The bill passed Monday by state legislators will raise the parimutuel takeout on New York races by one percent beginning Sept. 14, an unnecessary and punitive increase that was not sought by anyone except the New York City OTB corporation, which the same bill basically put out of its misery after nearly 40 years of operation.
The bill also appears to raise the takeout on at least some bets on out-of-state races made in New York, a highly unorthodox surcharge, though it is unclear exactly how this would work or which races would fall under its scope.
As per the usual clueless reporting on racing matters in the general press, the passage of the bill is being widely hailed as a plucky 11th-hour piece of public service by the Mayor and the Governor to save jobs and avoid cuts in social services. It was nothing of the kind.
A quick recap: NYC Mayor Mike Bloomberg earlier this year said he would close down NYCOTB on June 15 unless the state threw another $20 million or so a year its way because he claimed the city would start losing money on OTB. This was possible only if you ignored that the city was making $19 million a year on OTB through its unique, regressive "surcharge" on winning bets, which reduces winning payoffs by 5 to 50 percent for the lowest economic tier of bettors, those who play at shabby storefront "parlors" instead of teletheaters or through phone accounts.
Last week, the state called Bloomberg's irresponsible bluff, saying it would happily take OTB's profitable operation off Bloomberg's hands, and announced Friday it had a deal. Then Bloomerg said wait, not so fast, I still want that $19 million a year in profits.
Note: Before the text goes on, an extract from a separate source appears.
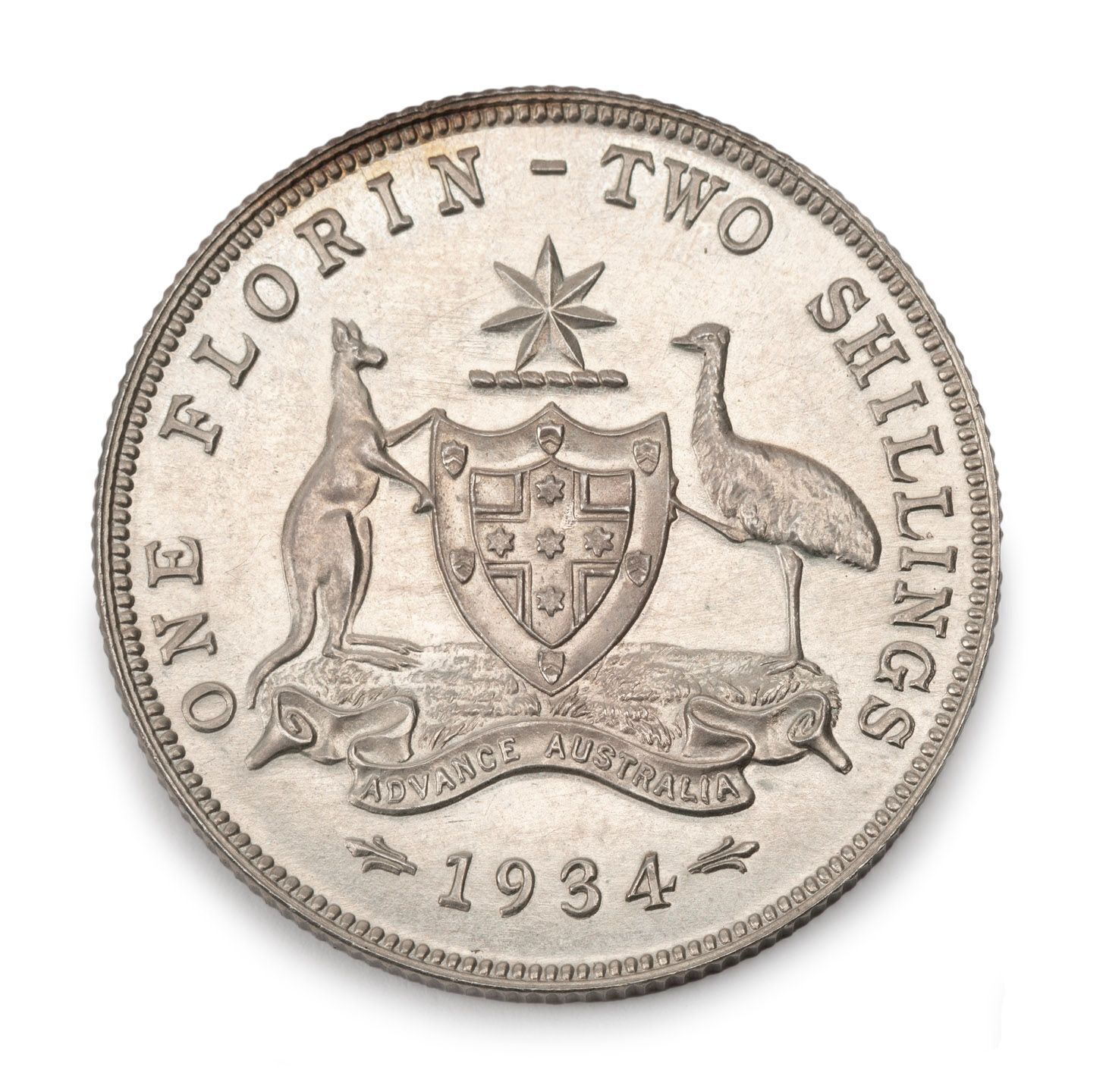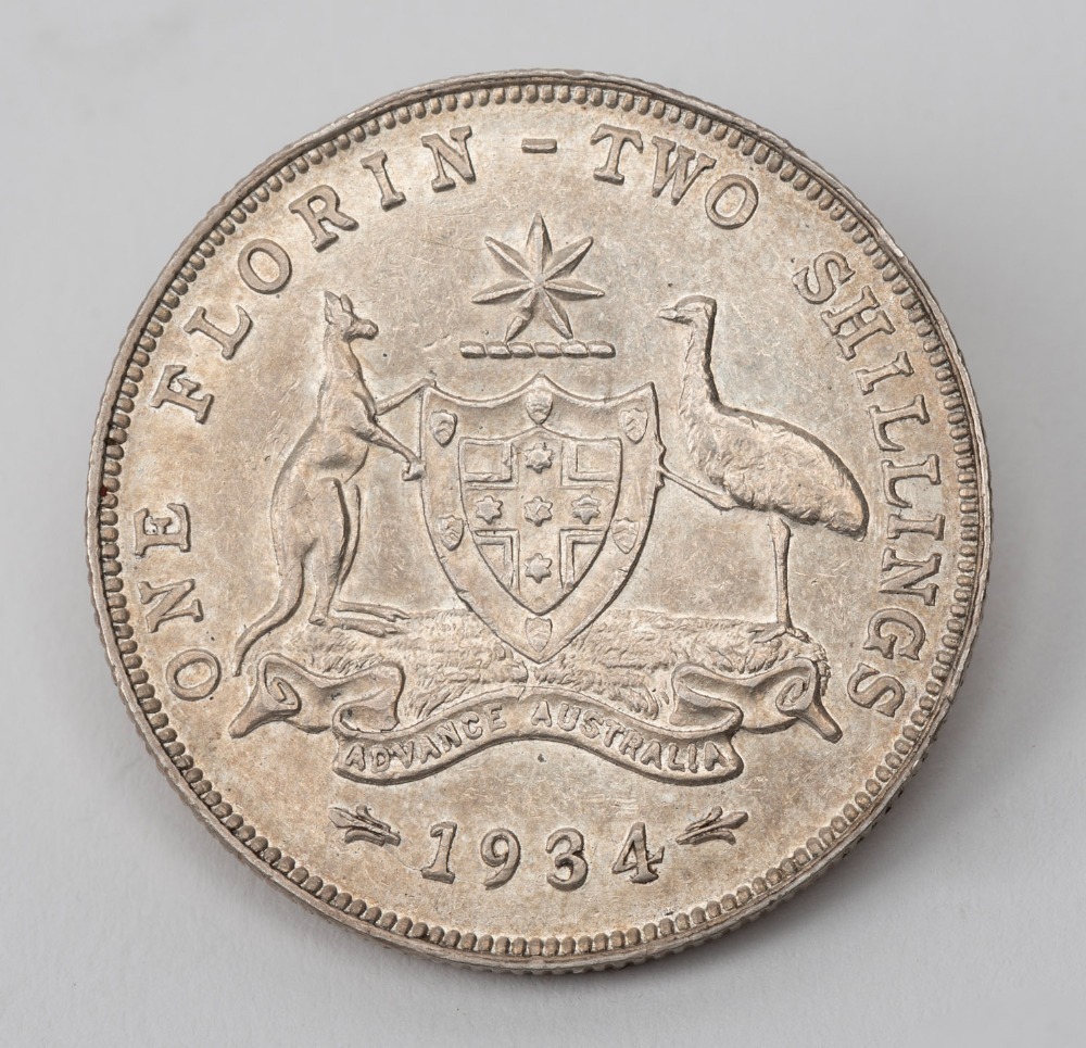 FLORIN: 1934-35 Victorian Centenary, EF.

The same profits whose existence he ignored in claiming he would have to start laying off cops and firemen. He ended up settling for $4.5 million in ongoing annual payments, plus three years of annual $3.25 million payments to keep the races on the two city-owned public-access cable channels.
So how did the takeout increase survive? Well, someone had already drafted a bill, and the state's five other OTB's weren't going to take a pass on millions in free money, so nobody bothered to whack it out. The increase supposedly sunsets in two years, by which time a supposedly slots-rich racing economy will allow lawmakers to let it expire. Breath-holding is not recommended.
On the brighter side, the state takeover of NYCOTB at least raises the possibility of some sort of consolidation of the state's crazy and wasteful OTB system. And Bloomberg's appalling behavior throughout this episode -- from his tonedeaf bashing of wagering to his duplicitous and inept negotiating -- has cost him plenty of political capital and exposed his supposed sharp business acumen as a fraud.